What Is Amazon BSR? How to Read Sales Rank for Arbitrage

When you're evaluating a product for OA, BSR is one of the first numbers you should look at. But a lot of beginners either ignore it completely or don't know how to interpret it.

Here's what BSR actually means and how to use it.

What Is BSR?

BSR stands for Best Sellers Rank. Amazon calculates it for every product in every category based on recent sales velocity — the lower the number, the more it's selling.

BSR #1 = the best-selling product in its category right now. BSR #500,000 = barely selling.

The number updates frequently (roughly every hour), so it reflects recent activity, not all-time performance.

BSR Is Category-Specific

This is where people get confused. A BSR of #5,000 in Toys & Games means something completely different from BSR #5,000 in Industrial & Scientific.

Toys & Games has millions of products. BSR #5,000 in that category still means solid sales — maybe several units per day.

Industrial & Scientific has far fewer products and much lower overall sales volume. BSR #5,000 there might mean one sale per week.

You always have to compare BSR within the same category.

General Benchmarks by Category

These are rough guidelines based on typical OA seller thresholds:

Category "Good" BSR Range
Toys & Games Under 50,000
Home & Kitchen Under 100,000
Sports & Outdoors Under 80,000
Health & Beauty Under 100,000
Electronics Under 30,000
Clothing Under 100,000

These are not hard rules. A BSR of 200,000 in Toys & Games still sells — it might just sell once a week instead of every day.

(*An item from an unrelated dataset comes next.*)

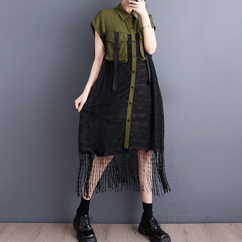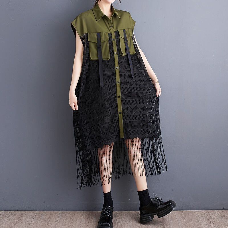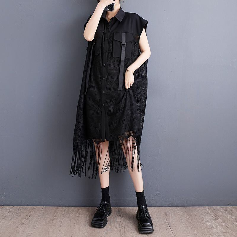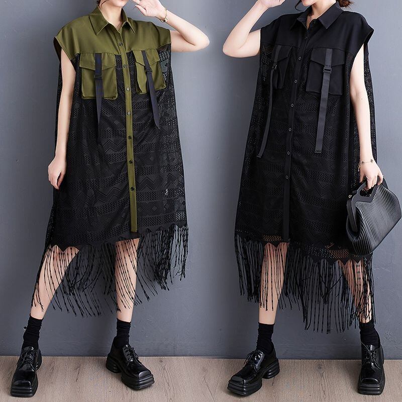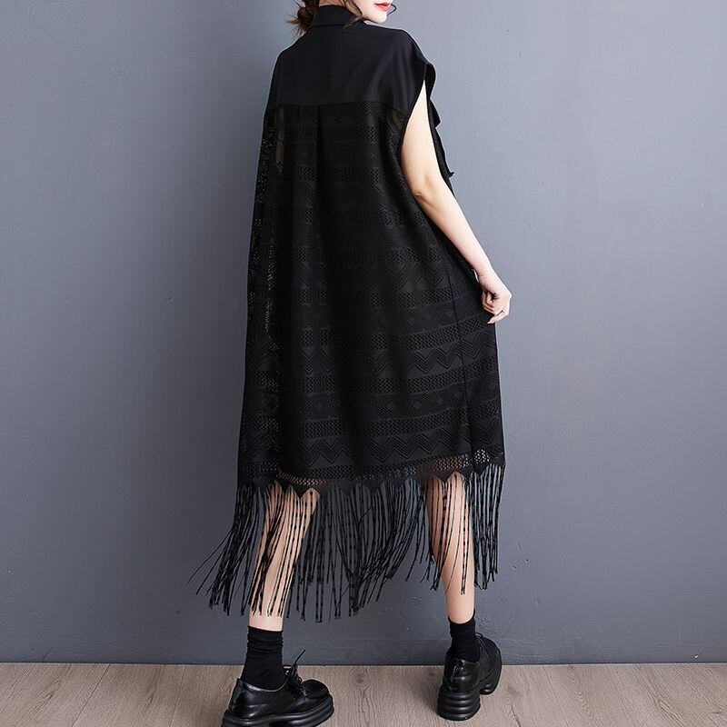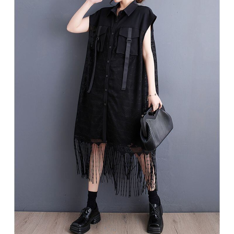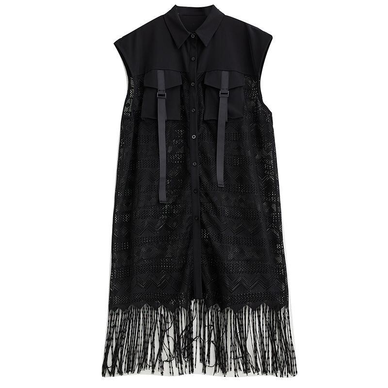 フリンジヘム シアー ロングベスト 30227

Why BSR Matters for Arbitrage

BSR tells you whether there's demand. Profit margin tells you whether it's worth buying. You need both.

High profit, terrible BSR = you'll be waiting months to sell that inventory while it racks up storage fees.

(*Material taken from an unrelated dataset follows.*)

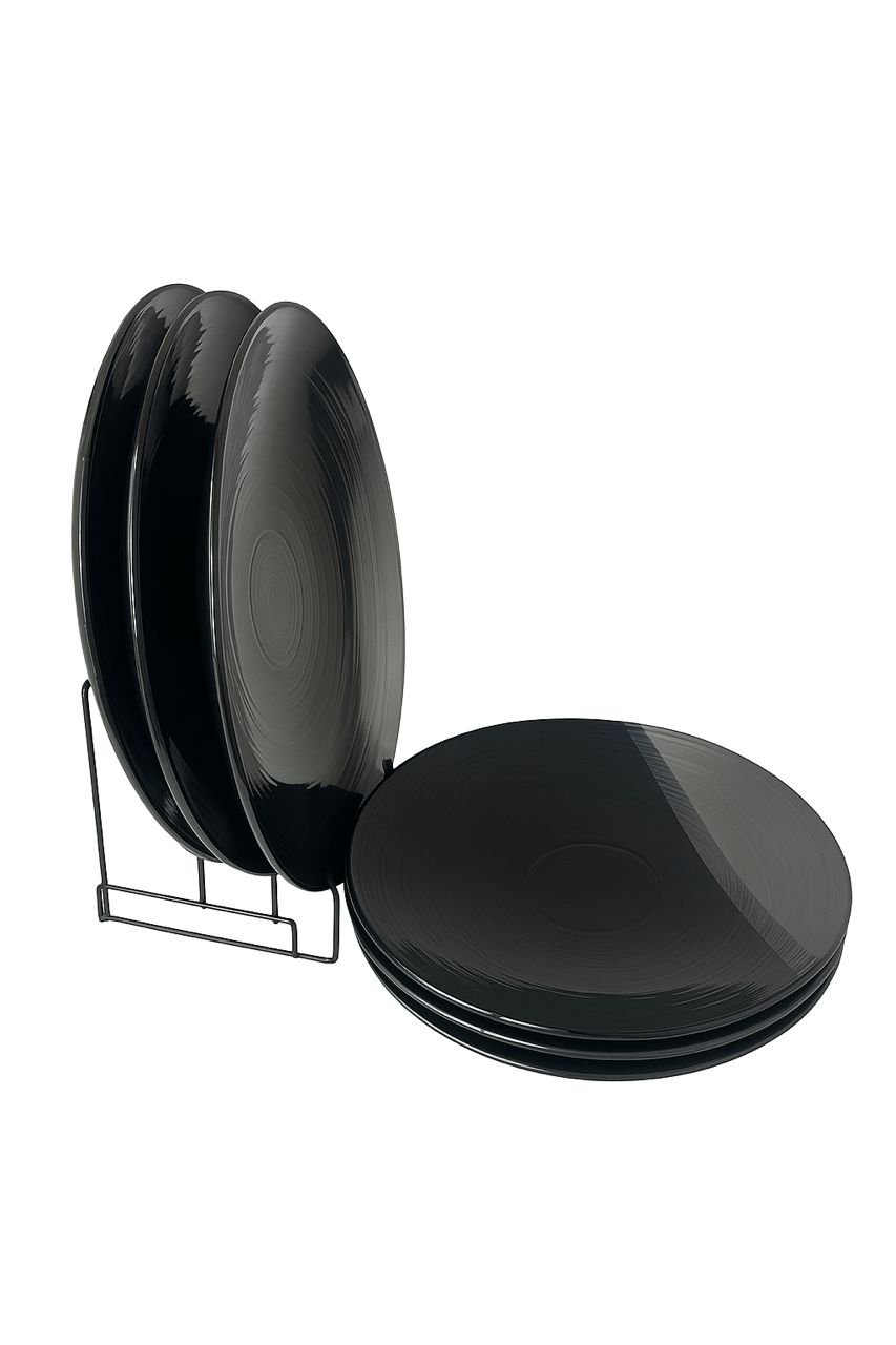 Add modern elegance to your table with this glossy black ceramic dinner plate, designed with a stunning ripple-style texture that radiates from the center. Its reflective finish creates a luxurious shine, while the smooth rounded edges offer a sophisticated, high-end look. Perfect for serving meals in style, displaying desserts, or elevating food presentations in restaurants, cafés, and home dining.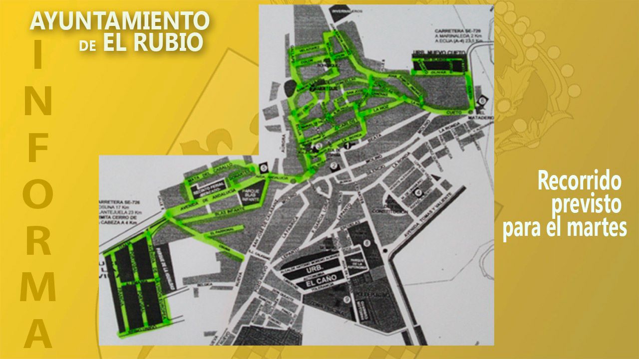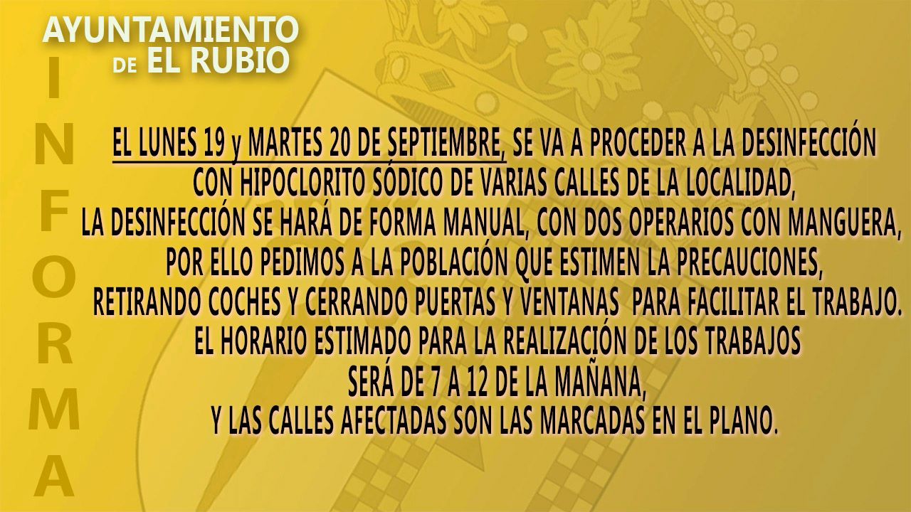 El Ayuntamiento de El Rubio informa que el próximo lunes 19 y martes 20 de octubre se procederá a la desinfección de las calles del municipio de forma manual con hipoclorito sódico. El horario estimado será de 7 a 12 de la mañana y las calles afectadas serán las marcadas en los planos adjuntos

Good BSR, thin margin = you'll sell quickly but make nothing.

The sweet spot is a product with a BSR indicating regular sales AND margins over 30%.

What "Top X%" Actually Means

Raw BSR numbers are hard to compare across categories. Saying "this product is in the Top 2% of Home & Kitchen" is more intuitive.

FlipMeter shows BSR percentile alongside the raw rank — so instead of guessing whether #45,000 in Sports & Outdoors is good or bad, you immediately see it's in the Top 5%.

BSR Red Flags

BSR over 500,000 in most categories. This usually means the product rarely sells. You'd be taking on inventory risk for uncertain demand.

BSR that fluctuates wildly. A product that swings from #2,000 to #800,000 in a few weeks is seasonal or trend-driven — harder to predict.

No BSR at all. The product has never sold on Amazon. No demand data at all — high risk.

The Quick Rule

When in doubt, ask yourself: "Would I be comfortable with this product sitting in Amazon's warehouse for 3 months?"

If the BSR suggests it sells consistently, the answer is probably yes. If it's ranked #400,000 in a crowded category, probably not.